'''
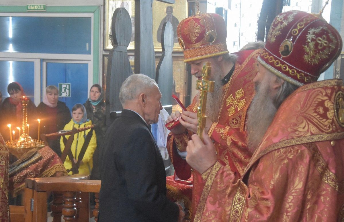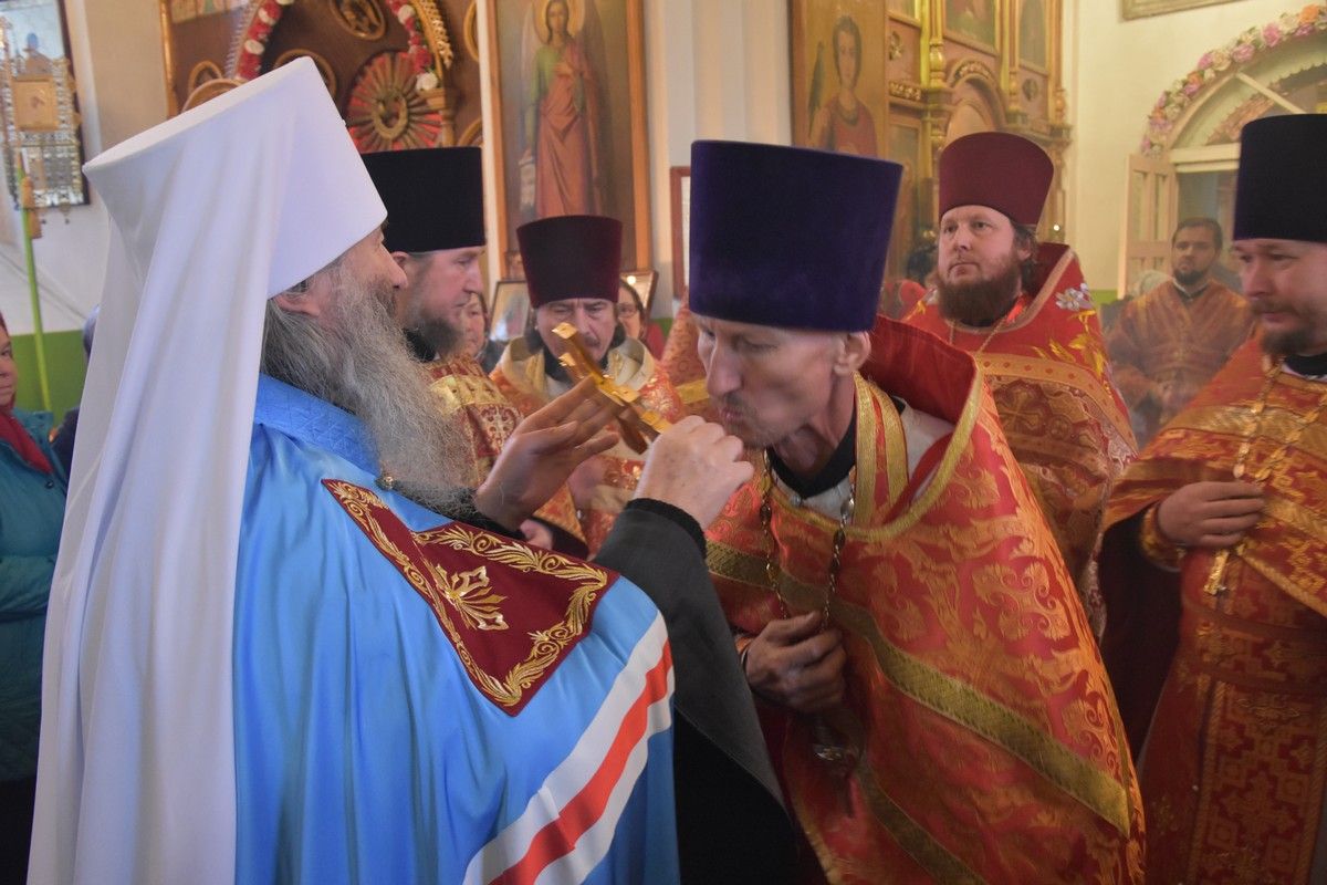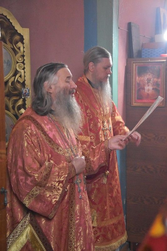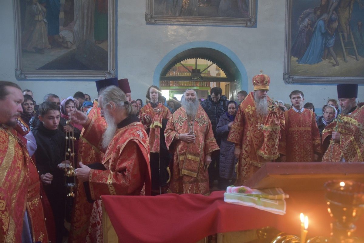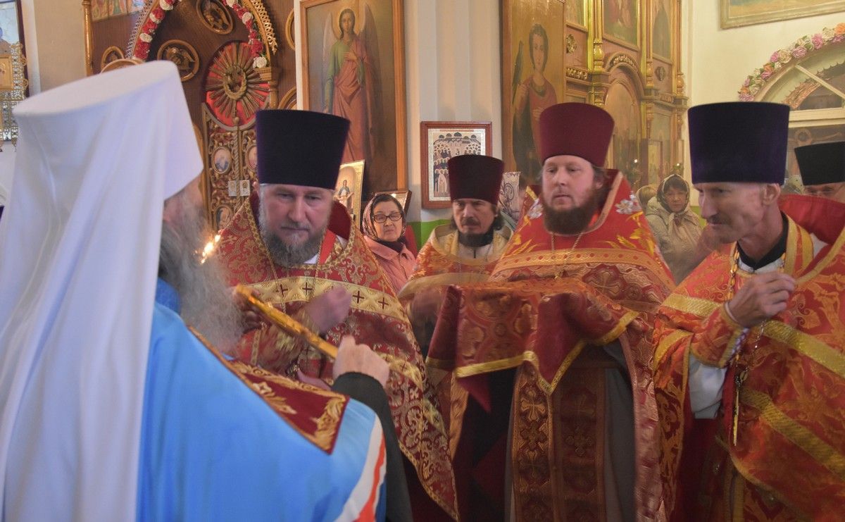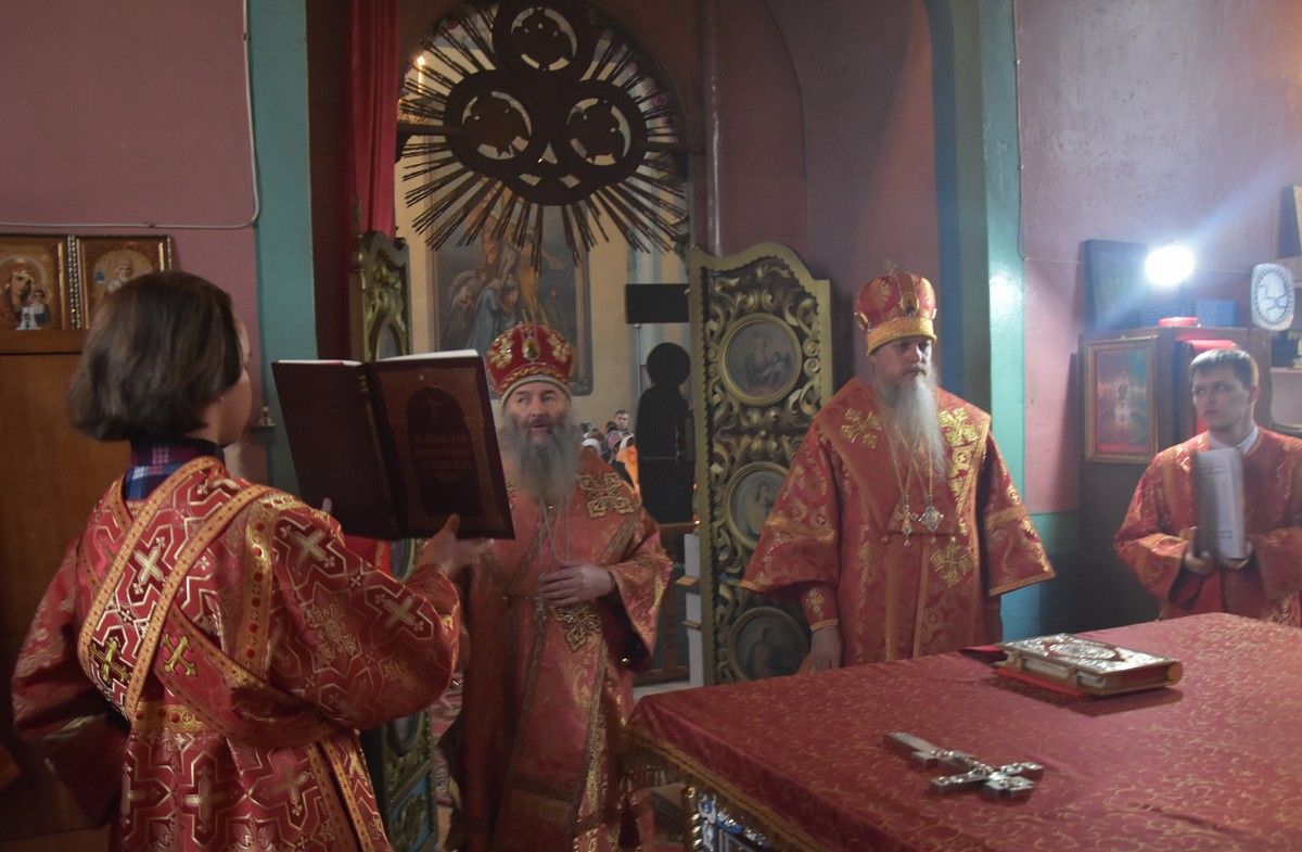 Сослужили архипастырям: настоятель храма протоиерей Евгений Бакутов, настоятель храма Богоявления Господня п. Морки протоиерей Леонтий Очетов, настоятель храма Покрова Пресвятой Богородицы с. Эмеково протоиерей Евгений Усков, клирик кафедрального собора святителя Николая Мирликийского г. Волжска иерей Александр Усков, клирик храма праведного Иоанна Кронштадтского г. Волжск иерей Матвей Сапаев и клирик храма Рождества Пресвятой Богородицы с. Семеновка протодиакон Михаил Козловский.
'''
'''
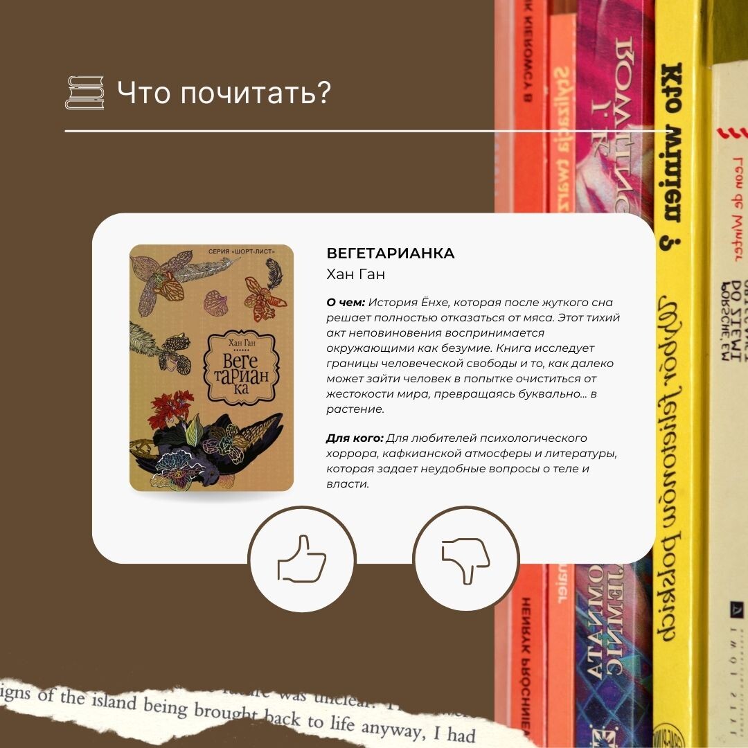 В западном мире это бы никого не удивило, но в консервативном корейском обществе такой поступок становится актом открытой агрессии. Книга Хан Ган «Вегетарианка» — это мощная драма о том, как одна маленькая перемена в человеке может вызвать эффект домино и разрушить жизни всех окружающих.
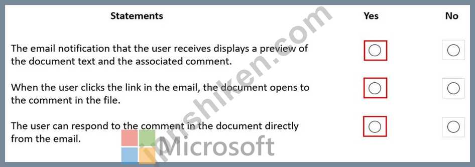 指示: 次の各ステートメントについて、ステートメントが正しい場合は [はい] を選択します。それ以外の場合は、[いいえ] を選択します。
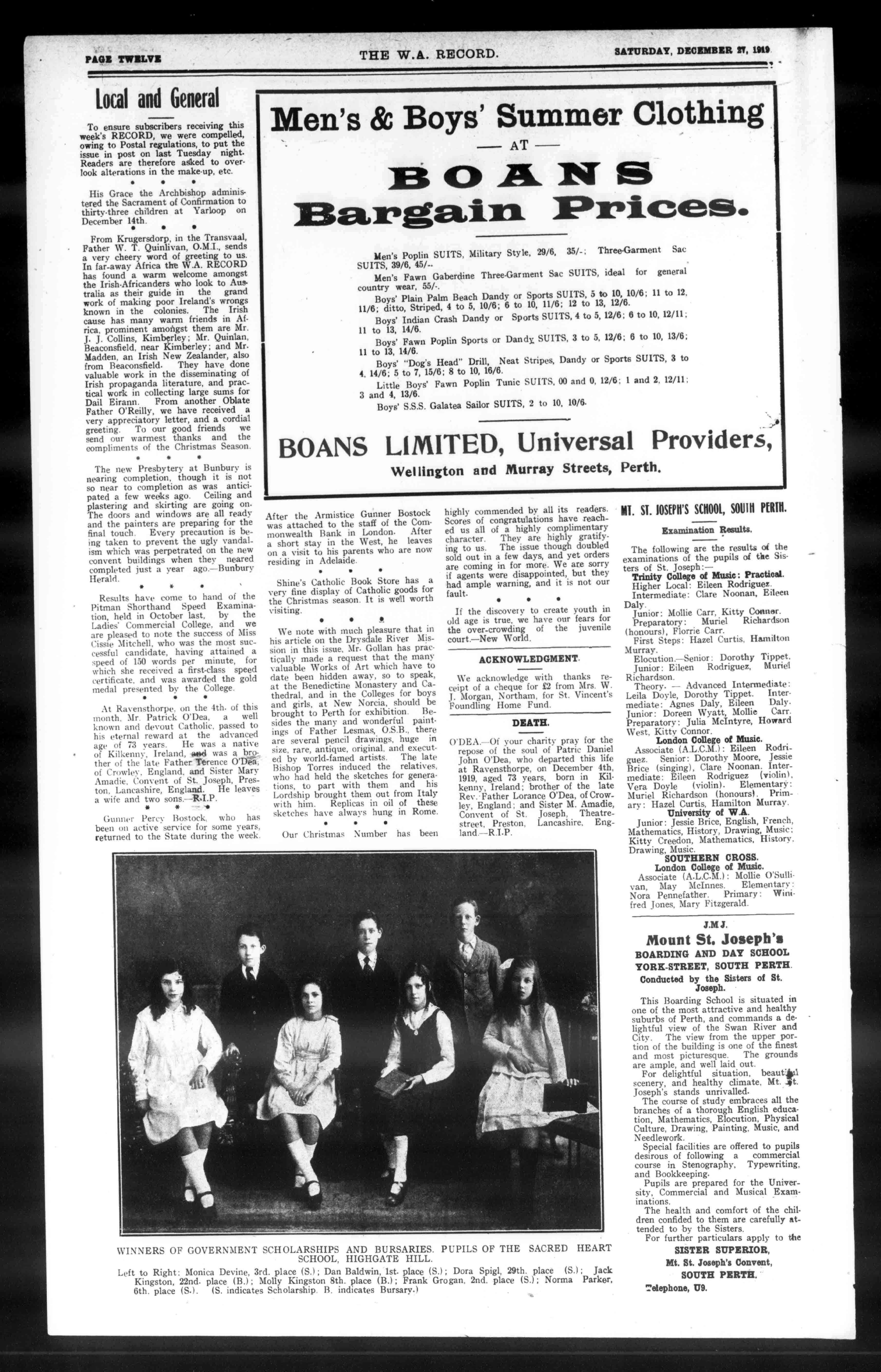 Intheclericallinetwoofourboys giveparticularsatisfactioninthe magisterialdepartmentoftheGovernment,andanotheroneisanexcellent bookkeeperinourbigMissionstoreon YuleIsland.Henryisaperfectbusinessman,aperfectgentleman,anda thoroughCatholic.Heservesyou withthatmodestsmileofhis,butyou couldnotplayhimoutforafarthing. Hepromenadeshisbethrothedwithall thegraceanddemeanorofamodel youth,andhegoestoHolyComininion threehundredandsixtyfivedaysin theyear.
'''
_Activity:_ Above is the material; set down exactly its lines from the one containing "В западном мире" down to the one containing "指示: 次の各ステートメントについて、ステートメントが正しい場合は [はい]", both included, leaving out any pictures.

_Result below:_
 В западном мире это бы никого не удивило, но в консервативном корейском обществе такой поступок становится актом открытой агрессии. Книга Хан Ган «Вегетарианка» — это мощная драма о том, как одна маленькая перемена в человеке может вызвать эффект домино и разрушить жизни всех окружающих.
 指示: 次の各ステートメントについて、ステートメントが正しい場合は [はい] を選択します。それ以外の場合は、[いいえ] を選択します。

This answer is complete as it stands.